US lawmaker French Hill has noted that Donald Trump will take a more pro-crypto approach than the current administration. The run-up to the presidential election has seen cryptocurrencies become an issue with lawmakers making huge statements ahead of the polls. Donald Trump has also been reaching out to the industry, making a pro-crypto case.

French Hill Backs Trump’s Pro-Crypto Stance

Republican Congressman French Hill has explained the type of cryptocurrency regulatory framework he believes Donald Trump could adopt in the country. In a recent interview with CNBC, French Hill said that the recently passed FIT21 bill is the type of regulatory framework the Trump administration will adopt in the sector.

THE FIT21 Bill It is intended to protect investors and consumers in the market by establishing clear rules and powers for the various regulators in the sector.

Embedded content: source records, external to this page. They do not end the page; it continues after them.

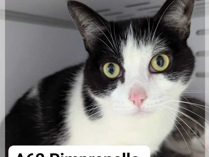 Elle s'appelle Pimprenelle et est âgée de sept ans, cette chatte au pelage noir et blanc que nous vous proposons d'adopter. Cet animal est à la recherche d'une famille conviviale qui lui offrira une vie épanouie.
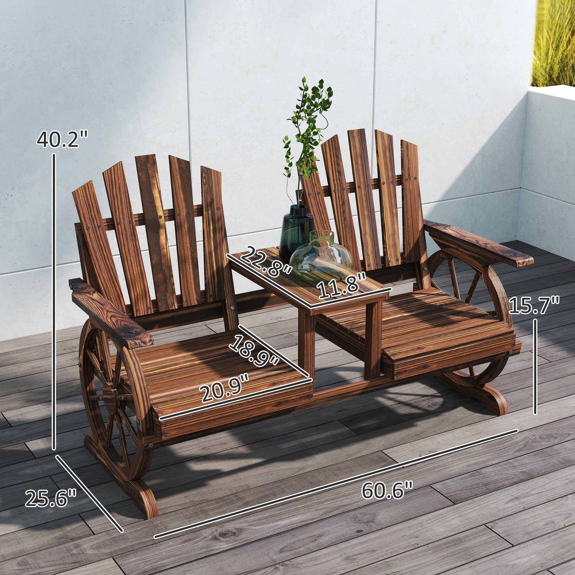 2-Seat Wooden Garden Bench With Table, Umbrella Hole, High Backrest, Armrests For Backyard, Patio, Garden, Carbonized
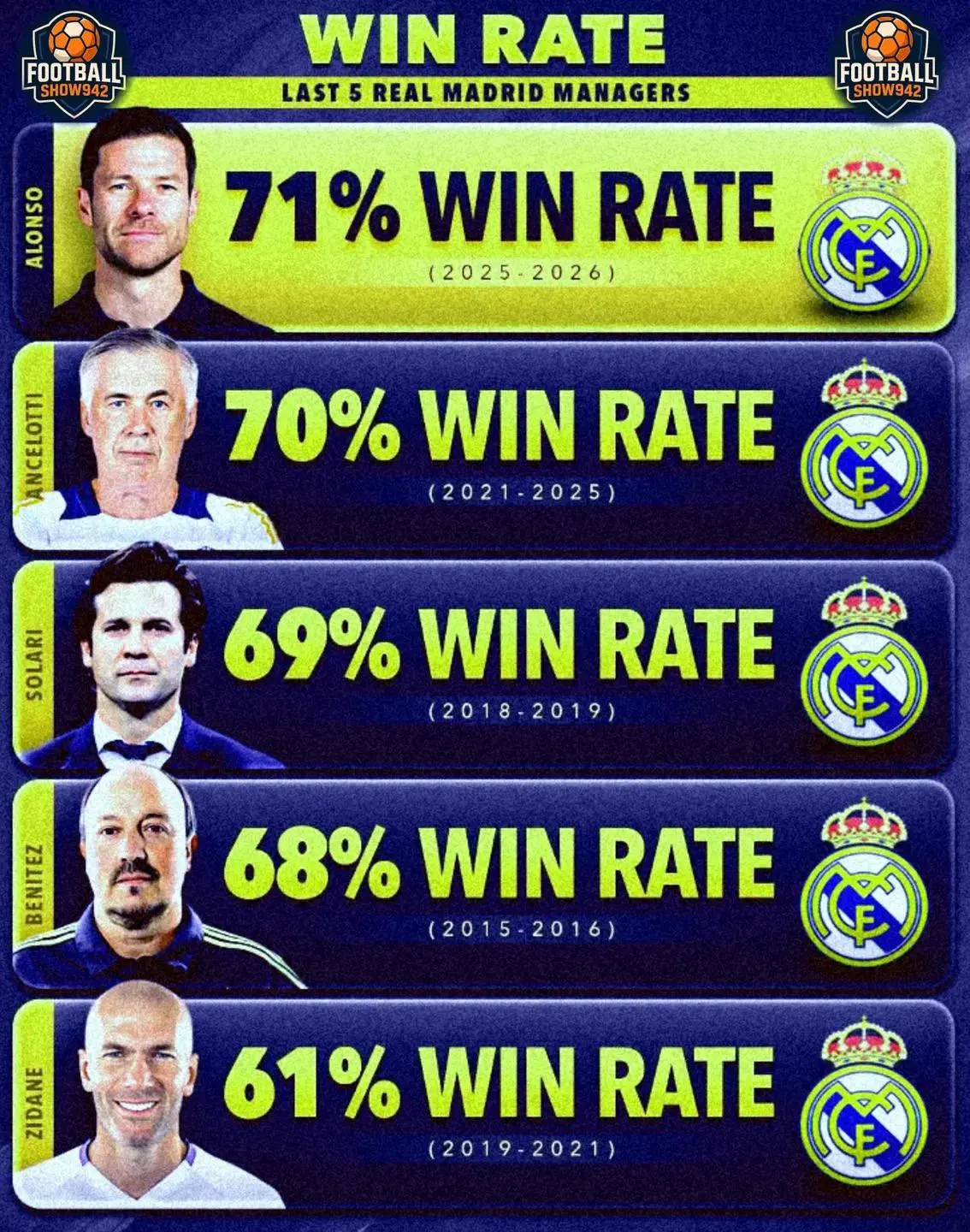 Хаби Алонсо 2025–2026 йилларда «Реал Мадрид»ни бошқаришни бошлади ва дарҳол яхши натижаларга эришди. Унинг 71% ғалаба кўрсаткичи охирги мураббийлар орасида энг юқори натижа бўлиб, клубда умидлар уйғотди. Алонсонинг тактик билимлари ва клубнинг фалсафасини тушуниши унинг бошқарувида клуб учун яхши натижаларга олиб келиши кутилган эди.

According to Hill, Trump will adopt it because it directs the Securities and Exchange Commission (SEC) and the Commodity Futures Trading Commission (CFTC) on the specific regulatory framework needed in the market.

“… for people who are innovating and starting a crypto token, a related business, custody of those assets, how to ensure consumer protection, so I think that framework is the right approach and that’s what I’m going to recommend to the President to pass, which is that we have not passed it between now and the end of this Congress.”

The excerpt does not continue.